The British assault on the small Flemish town of Loos on 25 September 1915 was one of the least glamorous episodes of the First World War. It is notorious for the first use of poison gas by the British. In fact the gas drifted back and some of the world’s first casualties of chemical warfare were thus British troops. A shortage of ammunition for the artillery bombardment meant that the infantry advance was a bloodbath. By the end of the first day, of 10,000 British soldiers who attacked German defences over 8,000 were dead or wounded. Three weeks of futile attack and counter-attack followed without an inch of ground gained. On 16 October a German sniper got his chance and shot a twenty-year-old British Captain through the head. In his knapsack 37 poems were found. His name, Charles Sorley.
The roll-call of poets protesting against the squander of life in the trenches is long and illustrious, headed by Thomas Hardy and Wilfred Owen. Rupert Brooke’s “corner of a foreign field” and Lawrence Binyon’s “For the Fallen” have become icons of remembrance embedded in the national psyche. Siegfried Sassoon, Robert Graves and Edward Thomas remain popular. Sorley, though, has faded from view, remembered mainly through the beautiful musical setting of his poem Expectans Expectavi by Charles Wood, one of the standards of Anglican choral repertoire. At the time, however, he achieved considerable acclaim. His only collection of poems, published posthumously in 1916, went through six editions. The Poet Laureate, John Masefield, said Sorley was “the greatest poet lost in the War”. Wilfred Owen wrote the epitaph on his memorial at Poets Corner in Westminster Abbey. He was a particular favourite of Donald Coggan, Archbishop of Canterbury (1974 – 1980).
Unlike Owen or Sassoon who gave us searing images of the slaughter (“no passing bell for those who die as cattle”), Sorley’s poems are reflective, ambivalent, philosophical. The closest he comes to is describing the carnage is in his last poem:
When you see millions of the mouthless dead
Across your dreams in pale battalions go
Say not soft things.
When You See Millions Of The Mouthless Dead (1915)

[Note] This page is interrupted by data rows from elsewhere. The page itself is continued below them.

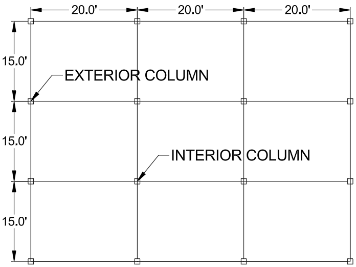 Exterior column: Tributary area = (15 ft / 2) × (20 ft / 2) = 7.5 ft × 10 ft = 75 ft² → Load = 75 ft² × 40 psf = 3,000 lb.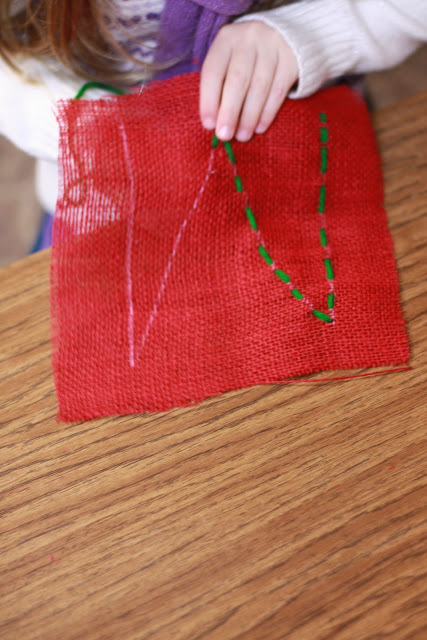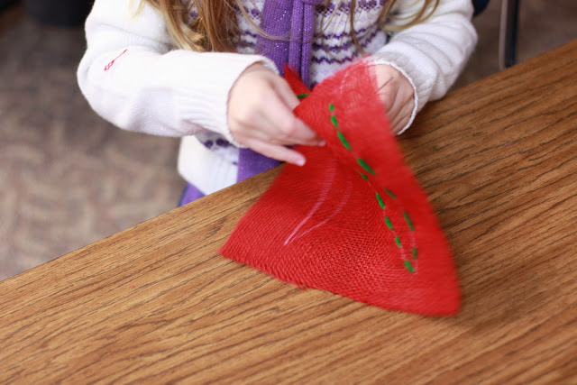 Normally, I introduce hand sewing during my pilgrim unit. This year we did not have time to get to it. So I introduced it as a part of the elves unit. The elves in the story sew the leather of the shoes. We sing a song of how the needles go “in and out.”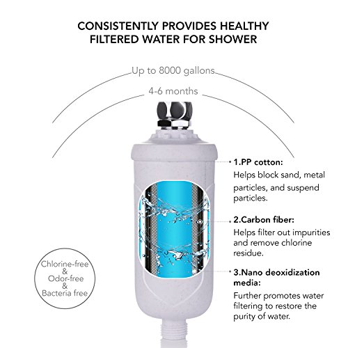 ✔Long Lasting - each disposable shower filter will last up to 4-6 full months, or 8,000 gallons. The filter is 3 stage with PP cotton, activated carbon fiber and nano deoxidization media, your water will be cleaner no matter how hot or cold the temperatures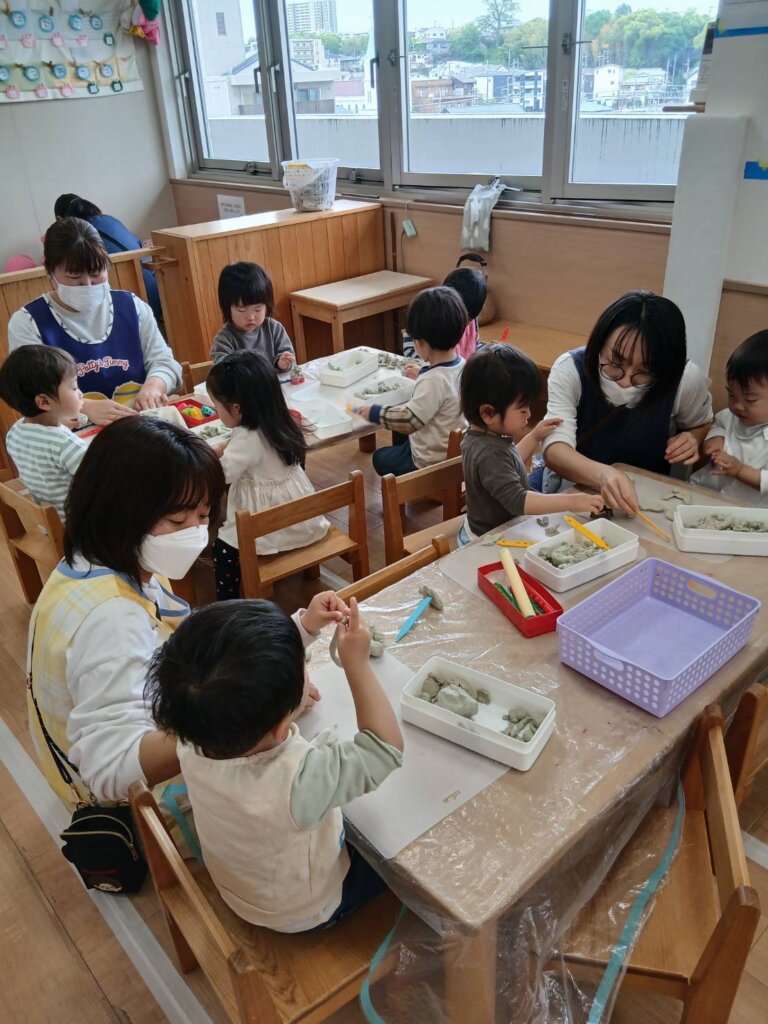粘土で遊びました。恐竜、カメ、いろいろ作りました。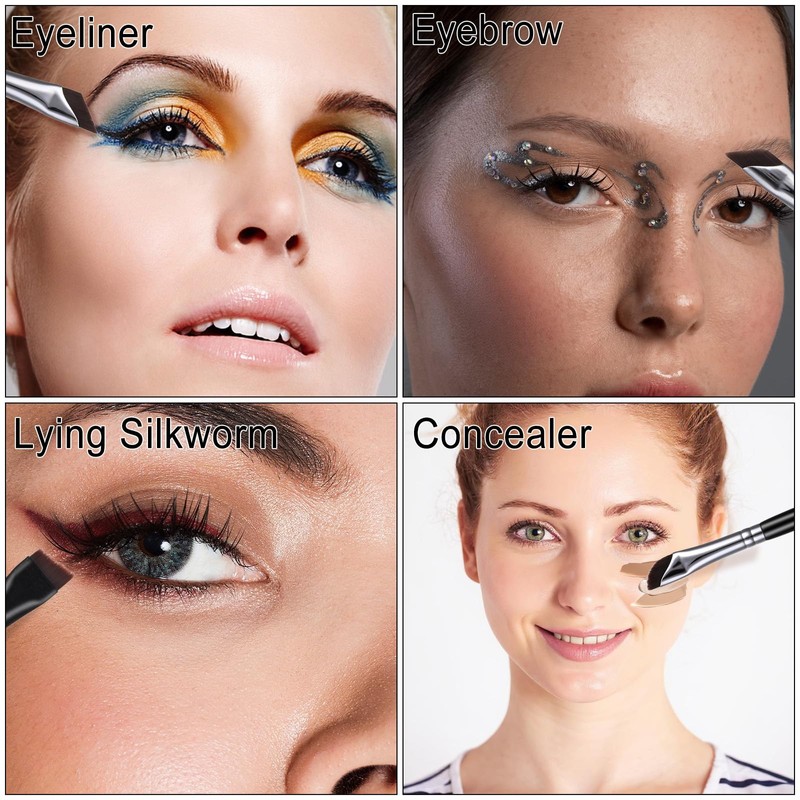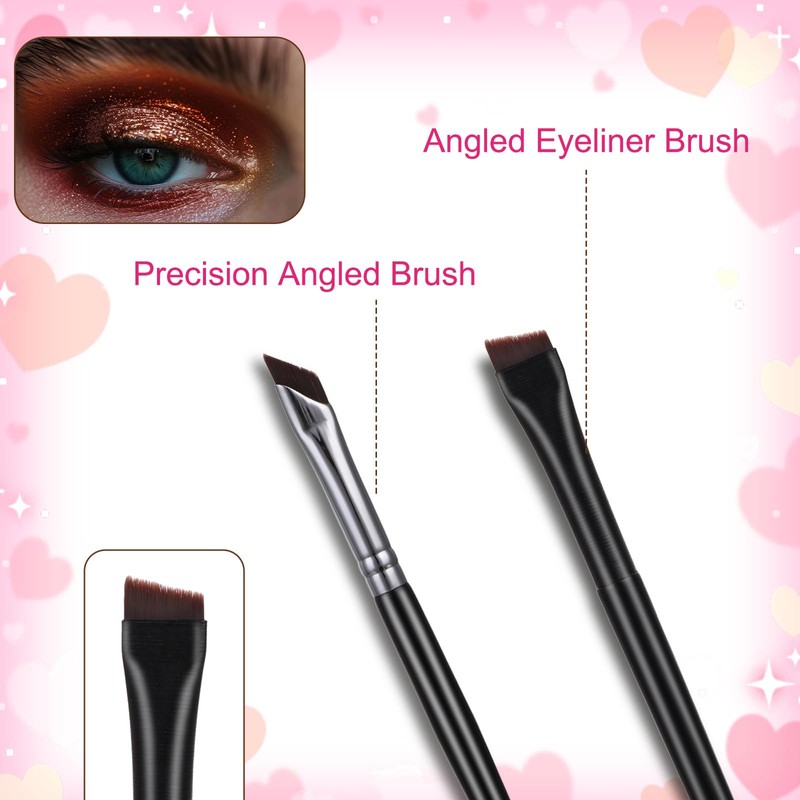- 【Angled Design】: The angled eyebrow brush facilitates precise outlining of both delicate and natural eyeliner and eyebrow shapes. It works wonders when applying a precise line to the upper and lower lash lines using liquid, gel, cream, or powder products.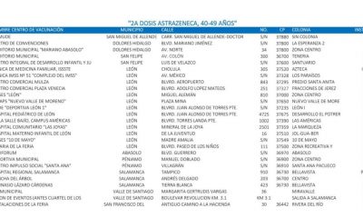 Pénjamo, Gto.- En los municipios de Pénjamo y Abasolo, se aplicará la segunda dosis de la vacuna Anti-covid, para los adultos de 40 a 49 años...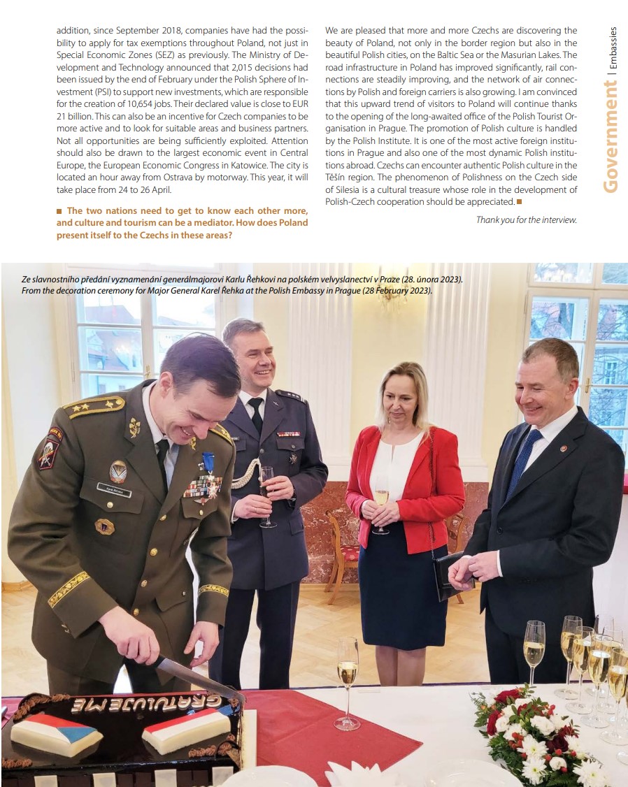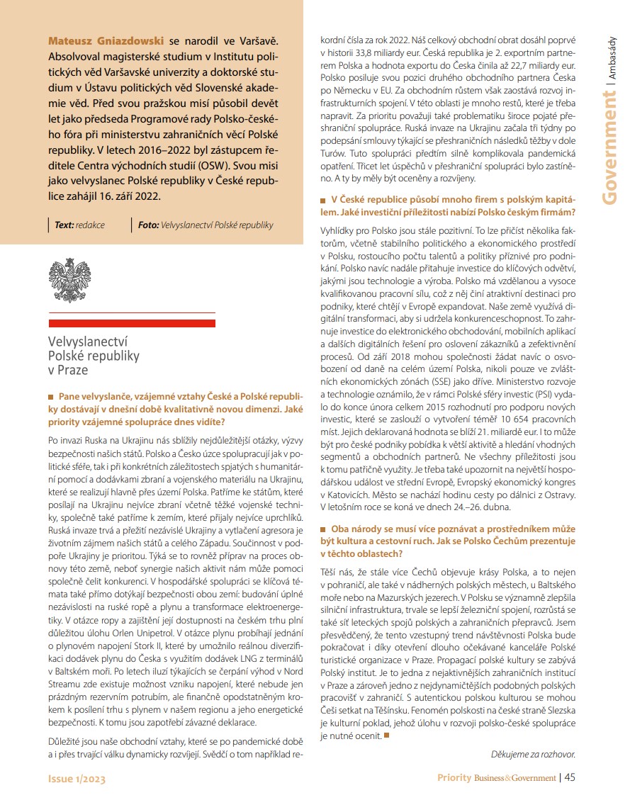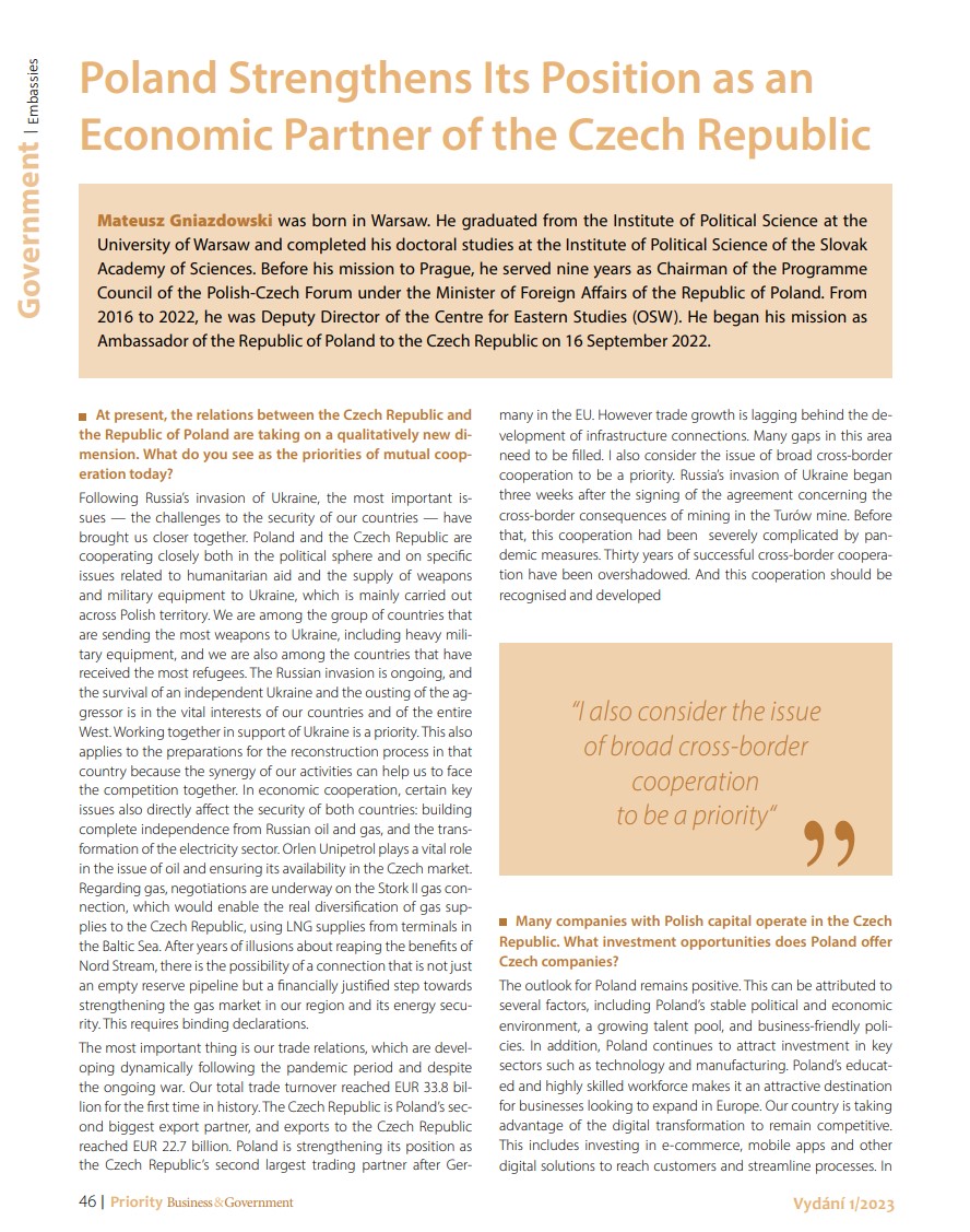 Ambasador Mateusz Gniazdowski w rozmowie opublikowanej w najnowszym numerze magazynu "Priority" przybliża stan i priorytety politycznej i gospodarczej współpracy polsko-czeskiej w kontekście rosyjskiej agresji na Ukrainę. Zaprasza też czeskie firmy do eksplorowania licznych możliwości inwestycyjnych w Polsce, a miłośników podróży i kultury zachęca do odwiedzenia nie tylko przygranicznych zakątków Polski, ale także skorzystania z coraz lepszej dostępności transportowej atrakcji położonych w głębi kraju.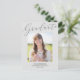 Cette carte de félicitations de fin d'études élégante comporte une calligraphie et une grande photo. Sur la face avant, « Diplômé » est inscrit en belle écriture calligraphique en haut, avec une grande photo ci-dessous. En bas, vous pouvez ajouter le nom du lauréat, l'école et l'année de la remise des diplômes. La typographie est gris charbon sur fond gris clair. Au verso de la carte, vous pouvez ajouter un message aux destinataires et/ou les informations sur la cérémonie de remise des diplômes.

but the poem’s main intent seems to be to warn against sentimentalising the dead
Say only this, “They are dead”.
At the outbreak of the war Sorley was studying at the University of Jenna in Germany and had developed a love of Germany and its culture. He detested the jingoism and demonising of Germany which Lord Kitchener used to whip up enthusiasm for the war. He described his stance as “unenthusiastic patriotism” and saw the war as deplorable but necessary to limit the Kaiser’s megalomania. “Serving one’s country is”, he wrote to a friend, “so unpicturesque and unheroic when it comes to the point”. If these views were heretical at the time, his poem “To Germany” now strikes a visionary note of reconciliation
“When it is peace, then we may view again
With new-won eyes each other’s truer form
And wonder. Grown more loving-kind and warm
We’ll grasp firm hands and laugh at the old pain,
When it is peace. But until peace, the storm
The darkness and the thunder and the rain.
To Germany (1914) extract
Thanks to Wood, his best-known poem now is Expectans Expectavi. The title refers to Psalm 40 “I waited patiently for the Lord” (RSV). It finishes with these three beguiling stanzas, offering an extraordinary image of what scripture calls “the heart”, not the beating organ, but the centre of our being:
I have a temple I do not
Visit, a heart I have forgot,
A self that I have never met,
A secret shrine — and yet, and yet
This sanctuary of my soul
Unwitting I keep white and whole,
Unlatched and lit, if Thou should’st care
To enter or to tarry there.
With parted lips and outstretched hands
And listening ears Thy servant stands,
Call Thou early, call Thou late,
To Thy great service dedicate.
There is a depth and maturity in these words which is remarkable in someone so young. Patiently waiting for God maybe the primary labour of the spiritual life, but it’s often a lesson that comes in later years. Sorley recognises this – “I do not visit” – but is nevertheless aware of what he neglects. His language is simple and exquisitely chosen. Look how “And yet, and yet” bridges the two verses and also introduces a reflective tone, slowing down the rhythm of the short rhyming couplets. Perhaps the most powerful word is “unwitting”. It suggests that our hearts will always be ready – “unlatched and lit” – without any conscious effort on our part and that we need to do nothing to prepare for God to visit other than “stand”. This is a notion which is profoundly comforting and theologically astute.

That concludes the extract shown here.